The flowers or borne in two spherical heads in axils on a peduncle 5–15 mm long, each head with 10 to 13 bright, light golden yellow flowers. Flowering period depends on subspecies, and the pods are oblong to narrowly oblong, up to 25 mm long and 3–5 mm wide, firmly papery to thinly leathery, curved downwards and glabrous. The seeds are oblong, 2.2–2.7 mm long, somewhat glossy brown, with an aril from one half to the full length of the seed.

==Taxonomy==
Acacia hystrix was first formally described in 1999 by Bruce Maslin in the journal Nuytsia from specimens collected by Kenneth Newbey 2.4 km north of Kulin in 1970. The specific epithet (hystrix) means 'hedgehog', referring to the rigid, erect, sharply pointed phyllodes "which are rather crowded towards the ends of the branchlets".

In the same edition of Nuytsia, Maslin described two subspecies of Acacia hystrix, and the names are accepted by the Australian Plant Census:
- Acacia hystrix subsp. continua Maslin has phyllodes that are continuous with the branchlet and mostly 30–60 mm long and lack a pulvinus. Flowering has been recorded in September.
- Acacia hystrix Maslin subsp. hystrix has phyllodes with a joint at the junction with the branchlet, 20–45 mm long with a yellowish orange pulvinus. Flowering has been recorded from July to October.

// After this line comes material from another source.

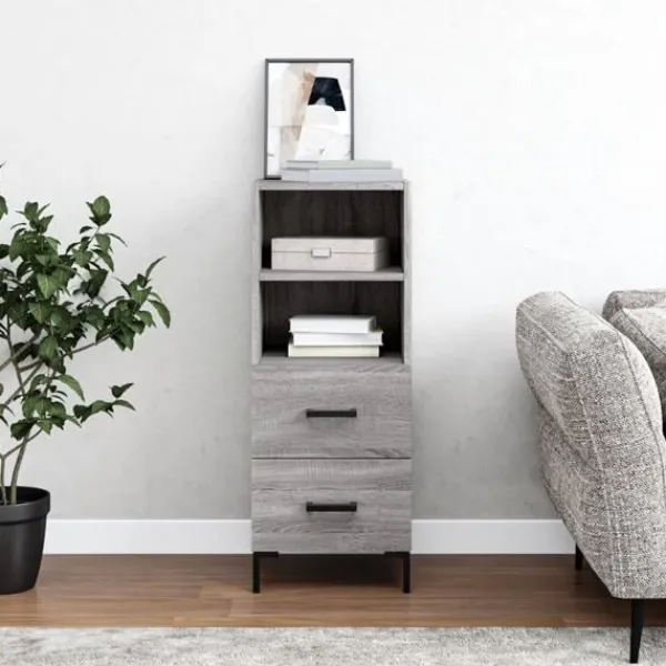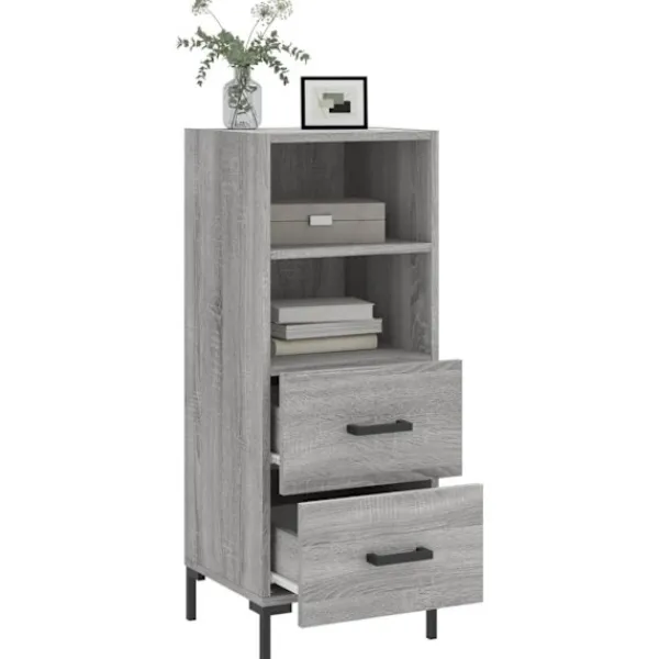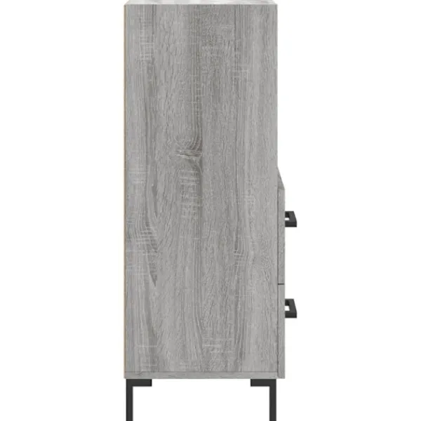 Denna moderna skänk med ett tidlöst utseende kan bli ett perfekt tillägg till din heminredning. Hållbart material: Det konstruerade träet är av exceptionell kvalitet med slät yta och är också starkt, stabilt och fuktbeständigt. Metallben: Metallbenen utstrålar en modern och lugn charm i din inredning samtidigt som du garanteras stabilitet. Gott om förvaringsutrymme: Skåpet har 2 lådor och 2 utrymmen för att hålla saker organiserade och inom räckhåll. Robust toppskiva: Toppskivan är perfekt för att visa upp dekorationer, foton och krukväxter. Varning:För att förhindra att den välter måste denna produkt användas tillsammans med det medföljande väggfästet.

==Distribution and habitat==
Acacia hystrix occurs from Kulin to near Lake Gilmore in the Coolgardie and Mallee bioregions of south-western Western Australia. Subspecies continua is only known from the type location north of Salmon Gums where it is found growing in clay loam in Eucalyptus woodland with a dense myrtaceous understory. Subspecies hystrix commonly grows in sandy loam or clay in open scrub or low open woodland.

==Conservation status==
Acacia hystrix subsp. hystrix is listed as "not threatened", but subsp. continua is listed as "Priority One" by the Western Australian Government Department of Biodiversity, Conservation and Attractions, meaning it is known from only a few populations that are under immediate threat from known threatening processes.